Ey, Leute, wieso meldet sich seit sieben Tagen keine(r) aus der Gegend?! - Echt komisch, bist Du und die anderen Opernfans hier alle im Urlaub?? Also, meine zweite Karte nimmt jetzt meine Schwester, mit der ich "Hercules" angucken werde...
Liebe Opernfreunde im Rhein-Main-Gebiet!
Am 18. Mai, Christi Himmelfahrt, biete ich eine zweite Eintrittskarte für die hochgelobte Inszenierung der Barockoper "Hercules" von Georg Friedrich Händel in der Regie von Barrie Kosky an der Oper Frankfurt an: "Einer der Höhepunkte der Saison" am Opernhaus des Jahres!
Du zahlst höchstens 39€ pro Karte, aber ich erhalte zwei günstige Künstlerkarten. Meine Begleitperson zahlt auch den ermäßigten Preis...
--> Bei sehr vielen Interessenten könnten wir uns auch zu viert verabreden, wenn sich der/die Dritte und Vierte selbst um Karten kümmert.
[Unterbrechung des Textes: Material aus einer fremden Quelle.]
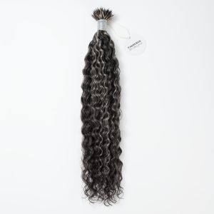 7. Curly Nano Ring Hair Extensions #1B/Grey Human Hair 100 Strands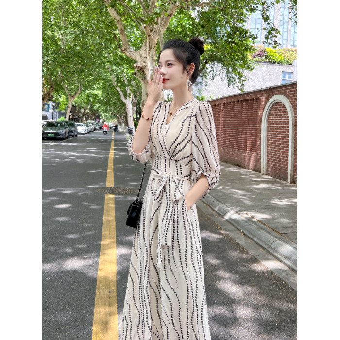 法式條紋連衣裙女2025年新款夏季韓版小個子設計感收腰顯瘦過膝裙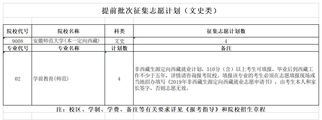此外,相应批次线下20分考生也可填报提前批征集志愿。非西藏生源定向西藏就业计划相应批次线下40分考生可填报,具体要求请咨询招生院校。填报后考生应立即与家长一起前往当地招生考试机构签订《2019年非西藏生源定向西藏就业志愿申请书》,否则所报志愿无效。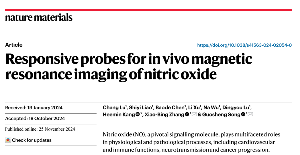 相关研究成果以《Responsive probes for in vivo magnetic resonance imaging of nitric oxide》为题发表在国际顶级期刊《自然-材料》《Nature Materials》。文章的通讯作者是玩偶姐姐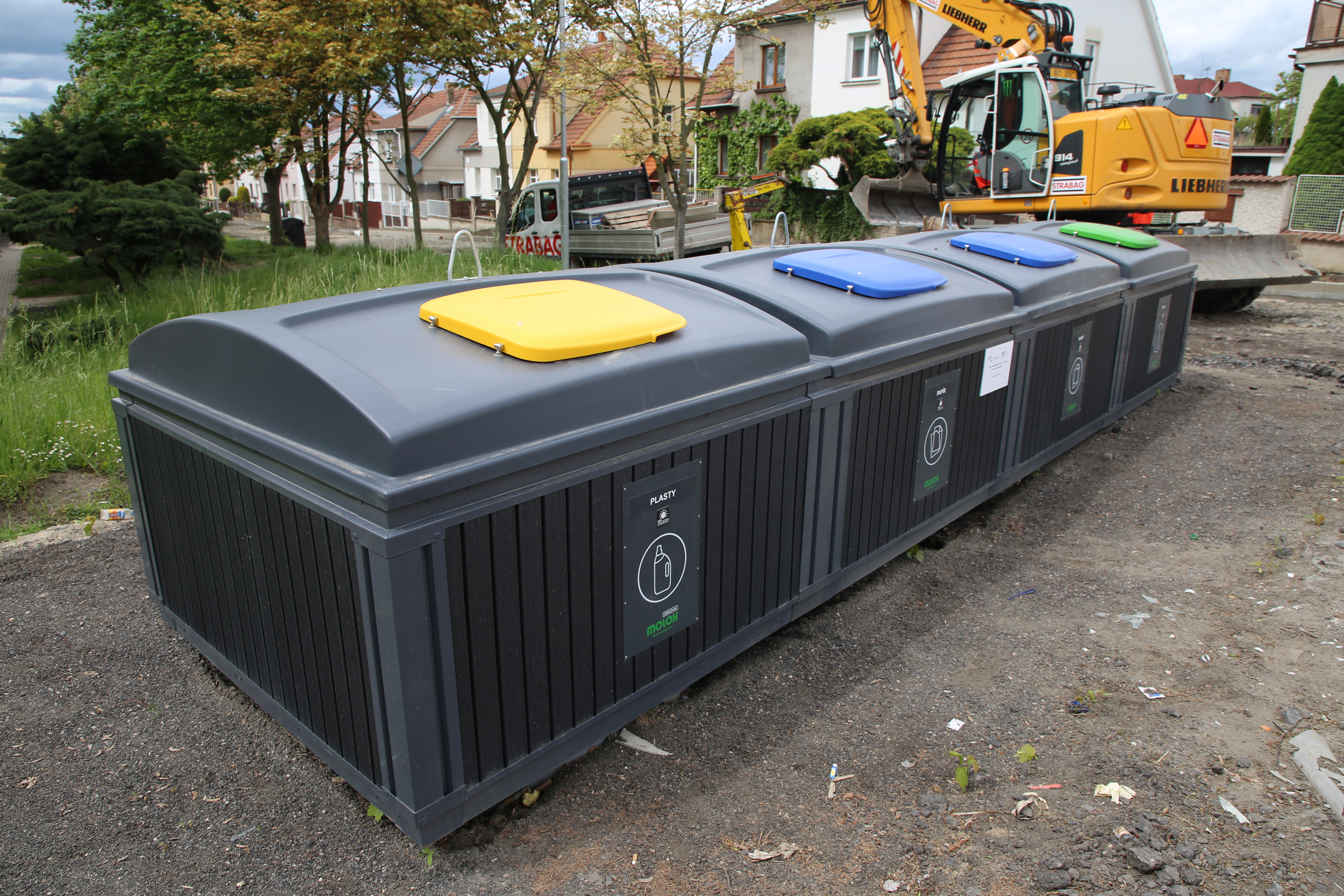 Opět byl zvolen již ověřený systém Molok. Čtveřice nádob, při vývozu vyzdvihovaná zvedacím zařízením, nabídne nadstandardní prostor pro papír (2x 5 m3), sklo (3 m3) a plast (5 m3). Konstrukce a mechanismus kontejnerů je navržena na desítky let provozu. Design zevního obalu je identický s dříve umisťovanými v Podluskách, Hracholuskách či právě realizovaným stanovištěm v Hakenově ulici. Zakázka o celkové ceně 430 810 Kč vč. DPH byla realizována firmou STRABAG, a.s. Dlažba v jejich okolí bude dokončena společně s kompletní rekonstrukcí Švermovy ulice. Tento projekt byl ze 70% spolufinancován Ústeckým krajem.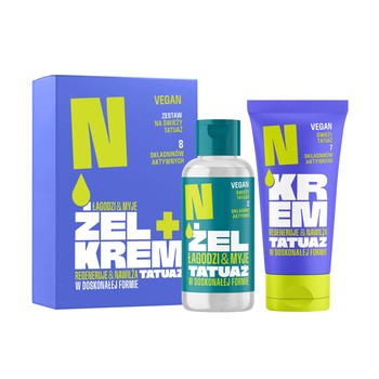 Zadbaj kompleksowo o swoje tatuaże tuż po ich wykonaniu! Zestaw to duet stworzony specjalnie do pielęgnacji świeżych tatuaży – delikatny żel do mycia oraz krem regenerujący. Żel delikatnie oczyszcza, koi i odświeża skórę, nie wywołując podrażnień. Krem intensywnie nawilża, regeneruje i chroni, wzmacniając barierę ochronną skóry. Dodatkowo łagodzi swędzenie, redukuje podrażnienia i podkreśla intensywność kolorów tatuażu, chroniąc je przed blaknięciem. Razem tworzą kompleksową rutynę, która wspiera proces gojenia, przynosi ulgę i sprawia, że tatuaż wygląda doskonale. Produkty szybko się wchłaniają, są bezpieczne nawet dla skóry wrażliwej i przyjazne weganom. Zestaw zawiera: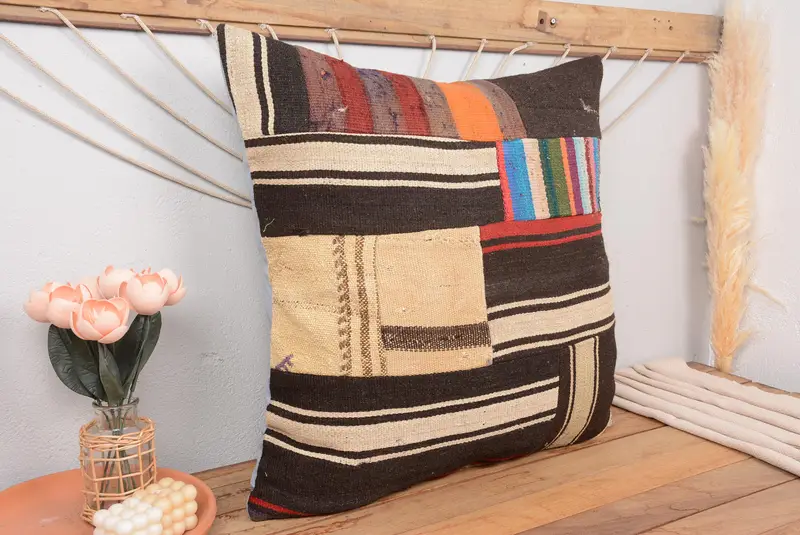 Almohada bordada de patchwork beige y marrón, decoración vintage hecha a mano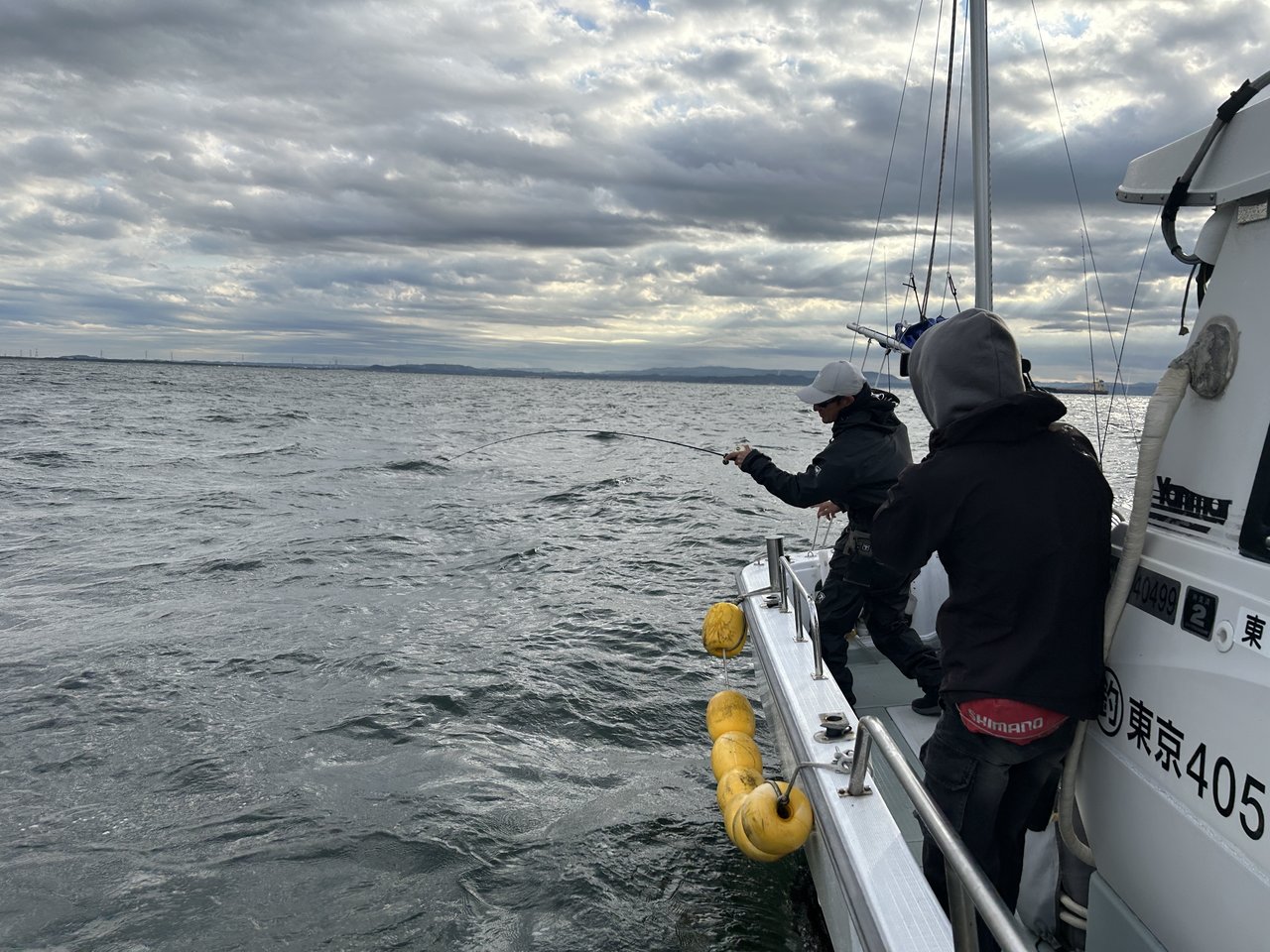 潮止まりからは両舷でバーチカルに。すると、田邊さんの竿にひと際大きなアタリ!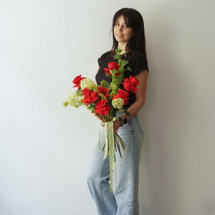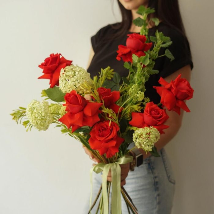 Хотите подарить что-то особенное и романтичное? Наш букет из красных роз сорта Нина, ароматного вибурнума и нежной мюлющеллы идеально подойдет для этого! Красота и изысканность этого букета не оставят равнодушной ни одну женскую душу. Это идеальный подарок для тех, кто … Показать ещёлюбит прекрасное и ценит традиции. Порадуйте своих близких и близких сердцу людей – подарите им наш удивительный букет!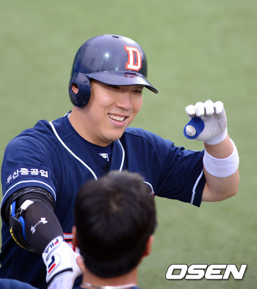 8일 오후 대구구장에서 열린 '2013 한국야쿠르트 세븐 프로야구' 삼성 라이온즈 와 두산 베어스 경기, 6회초 선두타자 김현수 우월솔로 홈런을 날리고 홈인 동료들의 환영을 받고 있다.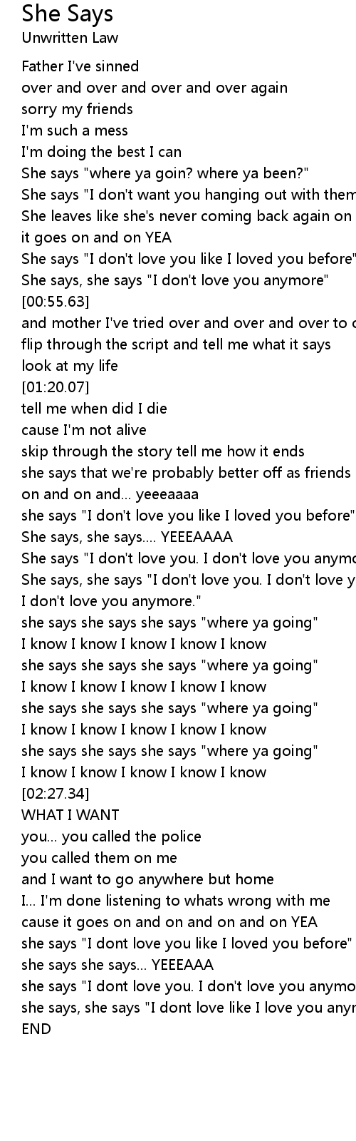 she says, she says "I dont love like I love you anymore." |

Zur Bezahlung und Abholung der Karten treffen wir uns eine Stunde vor Beginn um 17 Uhr an der Abendkasse der Städtischen Bühnen, so daß wir entspannt auch die Einführung wahrnehmen und uns beschnuppern können. :-)
Ich bin gespannt!
Viele Grüße, Mark
HERCULES
Musikdrama in drei Akten
In englischer Sprache mit deutschen und englischen Übertiteln
Einführung eine halbe Stunde vor Vorstellungsbeginn im Holzfoyer
Beginn
18.00 Uhr
Dauer
ca. 3 ½ Std. inkl. 1 Pause
Oper Frankfurt:
"Sie wartet auf die Rückkehr ihres Mannes aus dem Krieg. Er kommt an. Dann zerstört ihre Eifersucht alles.
Wie so oft in den dramatischen Werken Händels steht auch in Hercules eine Frau und nicht der Titelheld im Mittelpunkt. Diesmal geht es um das Seelendrama von Dejanira, die von krankhafter Eifersucht geplagt wird. Erst fürchtet sie, dass ihr Mann Hercules aus dem Krieg nicht mehr zurückkehrt. Mit der Heimkehr des Kriegshelden kommt zunächst auch ihre Lebensfreude wieder, schwindet aber, weil sich in seinem Gefolge auch Prinzessin Iole befindet, deren Vater Hercules tötete. Dejanira projiziert all ihre Ängste auf Iole. Ihre unbegründete Eifersucht und selbstzerstörerischen Kräfte breiten sich aus. Sie lässt ihrem Mann ein Gewand, dem Zauberwirkung nachgesagt wird, überbringen, um ihre vermeintlich verlorene Liebe wiederherstellen zu können. Doch der Versuch scheitert: Der Mantel, der sich am Feuer entzündet, erweist sich als vergiftet, und Hercules verbrennt bei lebendigem Leibe. Dejanira erkennt ihre Schuld. In ihrer letzten Szene schafft Händel zum ersten Mal in der Musikgeschichte eine groß angelegte Wahnsinnsszene und komplettiert damit ein expressiv gezeichnetes, modernes Frauenporträt.
In seinem Text führte der Librettist Thomas Broughton Motive aus mehreren antiken Dichtungen über den Tod des Herakles zu einer eigenen Version zusammen, wobei er den Kontrast zwischen der Unschuld der Beteiligten und den furchtbaren Folgen ihrer Verstrickungen in den Mittelpunkt stellte. Es ist keine Oper, kein Oratorium sondern ein phantastisches Musiktheater!!"